- _Dataset_:
+===+
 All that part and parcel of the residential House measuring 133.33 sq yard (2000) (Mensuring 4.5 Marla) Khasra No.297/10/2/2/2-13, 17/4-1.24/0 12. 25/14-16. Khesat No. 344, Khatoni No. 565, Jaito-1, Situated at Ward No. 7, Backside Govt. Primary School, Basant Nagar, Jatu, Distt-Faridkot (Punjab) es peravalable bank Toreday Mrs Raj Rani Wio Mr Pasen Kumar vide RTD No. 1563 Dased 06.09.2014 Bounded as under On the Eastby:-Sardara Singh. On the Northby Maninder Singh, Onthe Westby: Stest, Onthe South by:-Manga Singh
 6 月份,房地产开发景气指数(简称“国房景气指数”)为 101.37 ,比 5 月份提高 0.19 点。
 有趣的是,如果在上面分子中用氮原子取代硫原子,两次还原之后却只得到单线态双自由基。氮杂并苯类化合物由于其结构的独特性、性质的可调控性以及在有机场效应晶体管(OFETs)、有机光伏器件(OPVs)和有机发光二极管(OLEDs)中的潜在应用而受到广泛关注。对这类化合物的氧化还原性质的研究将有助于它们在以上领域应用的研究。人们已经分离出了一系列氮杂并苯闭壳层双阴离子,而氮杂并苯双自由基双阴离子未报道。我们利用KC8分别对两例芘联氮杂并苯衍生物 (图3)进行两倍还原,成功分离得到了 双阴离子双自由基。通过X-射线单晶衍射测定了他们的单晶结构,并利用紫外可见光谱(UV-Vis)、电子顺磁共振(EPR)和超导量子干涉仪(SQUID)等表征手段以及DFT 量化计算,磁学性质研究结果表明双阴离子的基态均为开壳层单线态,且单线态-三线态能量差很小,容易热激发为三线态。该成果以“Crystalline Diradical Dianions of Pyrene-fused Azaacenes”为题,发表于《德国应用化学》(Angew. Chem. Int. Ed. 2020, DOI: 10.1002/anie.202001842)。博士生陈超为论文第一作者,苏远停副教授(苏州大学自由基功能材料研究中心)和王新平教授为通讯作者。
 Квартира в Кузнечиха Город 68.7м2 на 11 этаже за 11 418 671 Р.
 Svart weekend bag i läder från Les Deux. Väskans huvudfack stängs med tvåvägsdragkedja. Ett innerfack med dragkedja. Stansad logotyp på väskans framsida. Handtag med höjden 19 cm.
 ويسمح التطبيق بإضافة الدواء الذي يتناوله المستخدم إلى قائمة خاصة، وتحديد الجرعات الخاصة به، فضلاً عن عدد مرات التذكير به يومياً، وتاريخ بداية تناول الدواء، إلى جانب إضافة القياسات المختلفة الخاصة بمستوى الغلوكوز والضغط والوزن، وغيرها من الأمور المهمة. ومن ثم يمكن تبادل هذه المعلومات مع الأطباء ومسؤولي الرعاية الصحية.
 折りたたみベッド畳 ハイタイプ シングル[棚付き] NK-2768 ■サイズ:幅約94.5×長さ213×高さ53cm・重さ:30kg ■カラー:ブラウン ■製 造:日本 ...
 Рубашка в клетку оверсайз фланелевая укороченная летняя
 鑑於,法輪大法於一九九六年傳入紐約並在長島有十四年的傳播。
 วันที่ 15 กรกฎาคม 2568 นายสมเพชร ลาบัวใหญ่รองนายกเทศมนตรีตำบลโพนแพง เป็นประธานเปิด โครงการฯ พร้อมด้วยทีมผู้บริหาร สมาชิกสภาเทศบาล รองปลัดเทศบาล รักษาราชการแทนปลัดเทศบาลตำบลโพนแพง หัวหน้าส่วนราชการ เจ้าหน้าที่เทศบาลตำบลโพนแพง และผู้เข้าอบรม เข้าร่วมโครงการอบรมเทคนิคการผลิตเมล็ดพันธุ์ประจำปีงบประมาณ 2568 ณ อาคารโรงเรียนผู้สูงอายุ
+===+
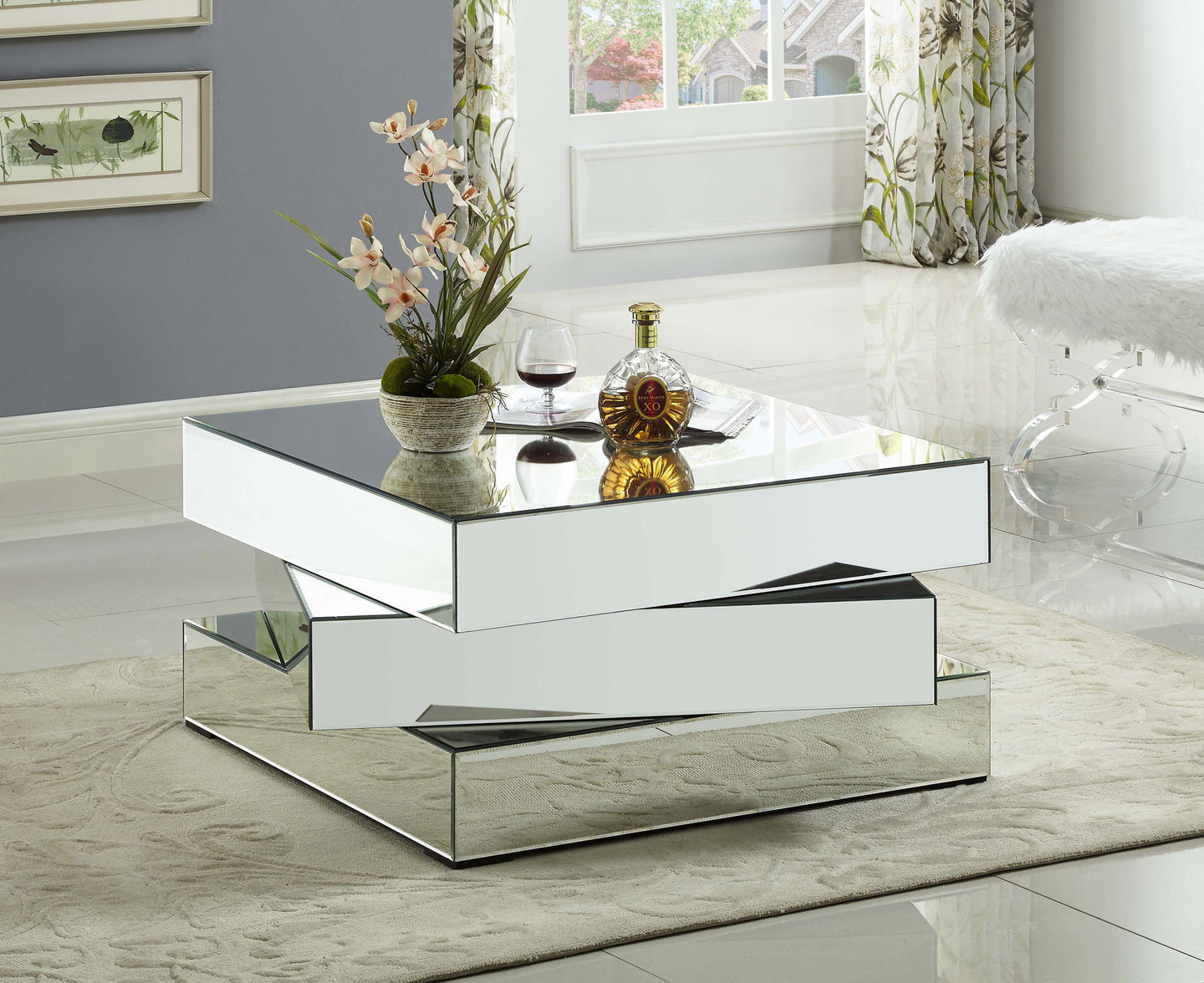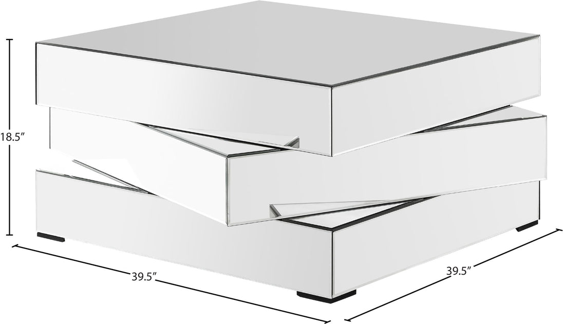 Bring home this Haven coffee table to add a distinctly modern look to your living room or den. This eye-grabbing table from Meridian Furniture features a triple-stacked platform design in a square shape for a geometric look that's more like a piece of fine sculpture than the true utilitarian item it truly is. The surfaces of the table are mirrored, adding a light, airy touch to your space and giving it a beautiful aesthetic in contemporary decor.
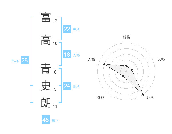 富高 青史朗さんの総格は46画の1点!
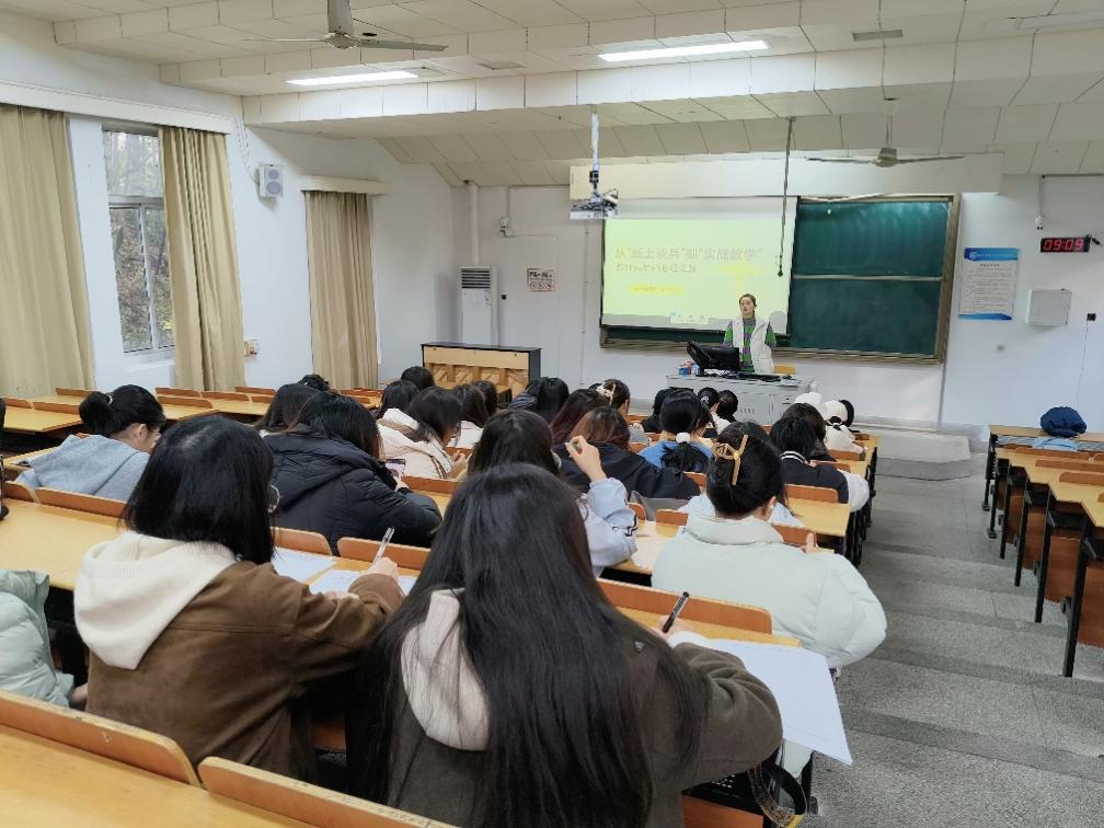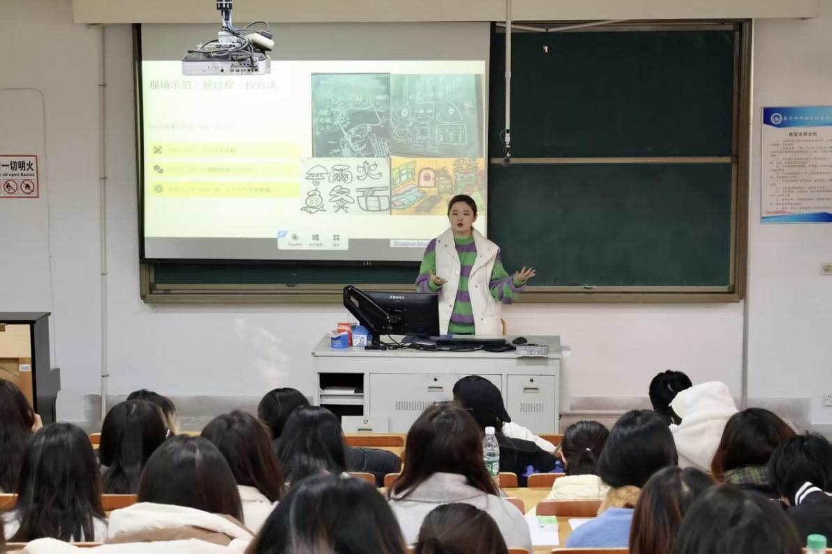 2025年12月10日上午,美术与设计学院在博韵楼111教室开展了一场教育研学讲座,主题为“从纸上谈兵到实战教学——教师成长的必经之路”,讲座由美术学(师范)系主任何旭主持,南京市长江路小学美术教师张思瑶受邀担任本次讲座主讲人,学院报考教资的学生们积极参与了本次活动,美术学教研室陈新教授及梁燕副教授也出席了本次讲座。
+===+
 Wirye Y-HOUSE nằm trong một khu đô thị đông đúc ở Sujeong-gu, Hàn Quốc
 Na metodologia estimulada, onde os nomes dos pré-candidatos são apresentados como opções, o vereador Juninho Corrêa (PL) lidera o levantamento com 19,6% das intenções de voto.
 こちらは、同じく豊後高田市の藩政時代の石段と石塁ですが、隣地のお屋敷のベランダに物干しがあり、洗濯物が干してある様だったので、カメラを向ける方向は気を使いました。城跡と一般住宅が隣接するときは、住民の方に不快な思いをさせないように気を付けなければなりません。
+===+
- _What the task requires_:
In the listing above, find the line with "富高 青史朗さんの総格は46画の1点!" and the line with "2025年12月10日上午,美术与设计学". Set down exactly those lines and everything between them, skipping pictures.

- _Reply_:
 富高 青史朗さんの総格は46画の1点!
 2025年12月10日上午,美术与设计学院在博韵楼111教室开展了一场教育研学讲座,主题为“从纸上谈兵到实战教学——教师成长的必经之路”,讲座由美术学(师范)系主任何旭主持,南京市长江路小学美术教师张思瑶受邀担任本次讲座主讲人,学院报考教资的学生们积极参与了本次活动,美术学教研室陈新教授及梁燕副教授也出席了本次讲座。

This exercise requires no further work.